**DATA**:
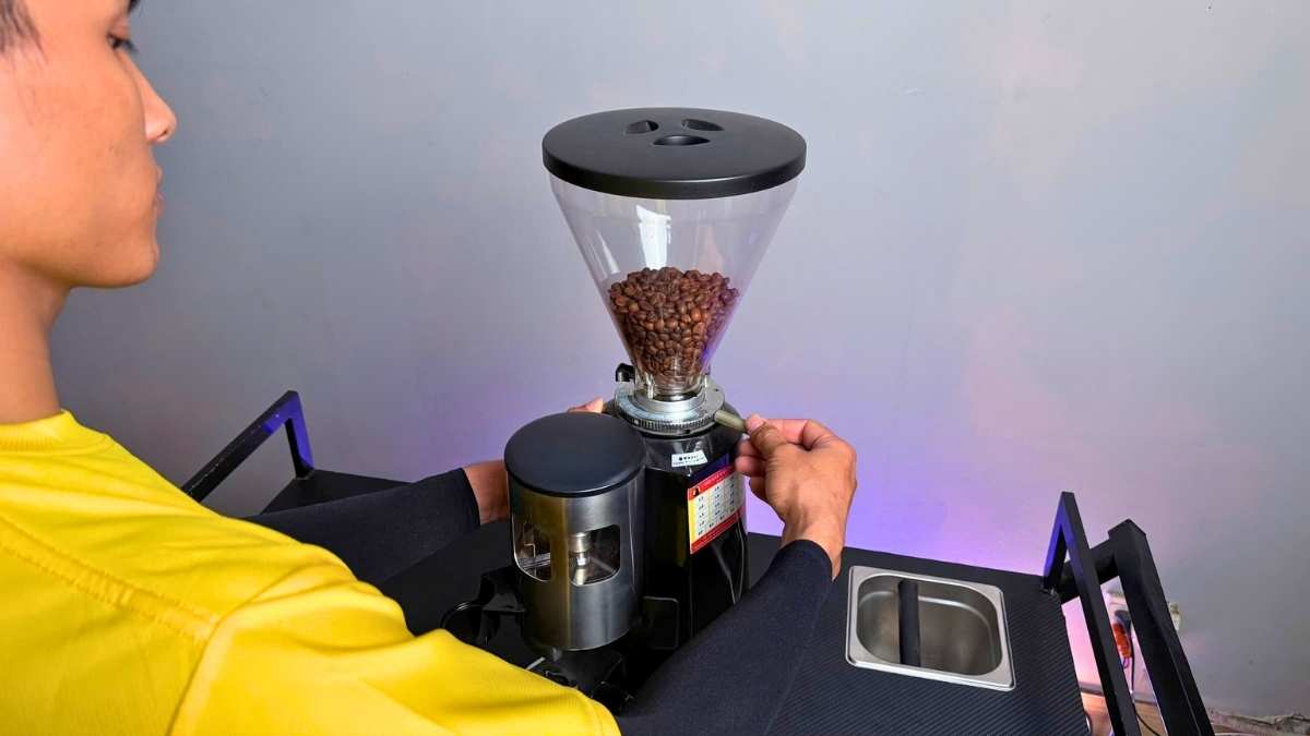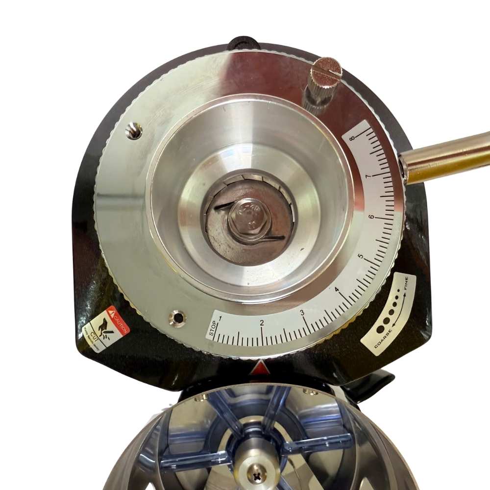 Máy sử dụng cần gạt thủ công để định lượng bột, đồng thời có nhiều mức điều chỉnh độ mịn. Điều này giúp barista linh hoạt trong từng công thức, từ espresso đến pha phin.
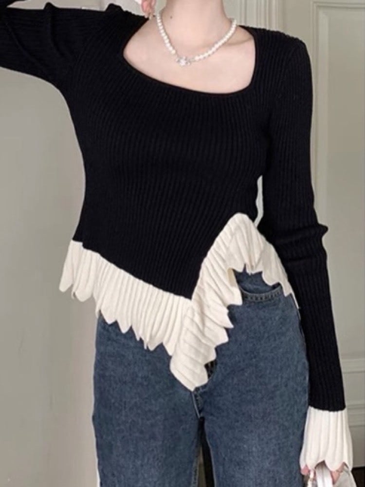着るだけで韓国っぽ美人 メリハリ配色ニット おしゃれ アイドル 変形 個性 フェミニン カジュアル 体型カバー 大きいサイズ 韓国 CH11259
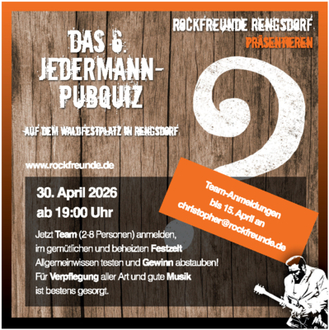 Rengsdorf. Tradition trifft Geselligkeit: Die Rockfreunde Rengsdorf laden auch in diesem Jahr wieder zu zwei beliebten Veranstaltungen auf dem Waldfestplatz ein. Am Donnerstag, 30. April 2026, steht die mittlerweile 6. Auflage des Jedermann-Pubquiz auf dem Programm, bevor am Freitag, 1. Mai 2026, der traditionelle Maiausschank Wanderer und Besucher anlockt.
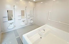 特注の“どこでも手すり”で自立入浴をサポート!多人数タイプのユニットバス

**EXERCISE**:
Lines before the one containing "着るだけで韓国っぽ美人 メリハリ配色ニット おしゃれ" are not wanted; write out that line and every later line through the end of the data above, exactly, without pictures.

**WRITTEN RESPONSE**:
着るだけで韓国っぽ美人 メリハリ配色ニット おしゃれ アイドル 変形 個性 フェミニン カジュアル 体型カバー 大きいサイズ 韓国 CH11259
 Rengsdorf. Tradition trifft Geselligkeit: Die Rockfreunde Rengsdorf laden auch in diesem Jahr wieder zu zwei beliebten Veranstaltungen auf dem Waldfestplatz ein. Am Donnerstag, 30. April 2026, steht die mittlerweile 6. Auflage des Jedermann-Pubquiz auf dem Programm, bevor am Freitag, 1. Mai 2026, der traditionelle Maiausschank Wanderer und Besucher anlockt.
 特注の“どこでも手すり”で自立入浴をサポート!多人数タイプのユニットバス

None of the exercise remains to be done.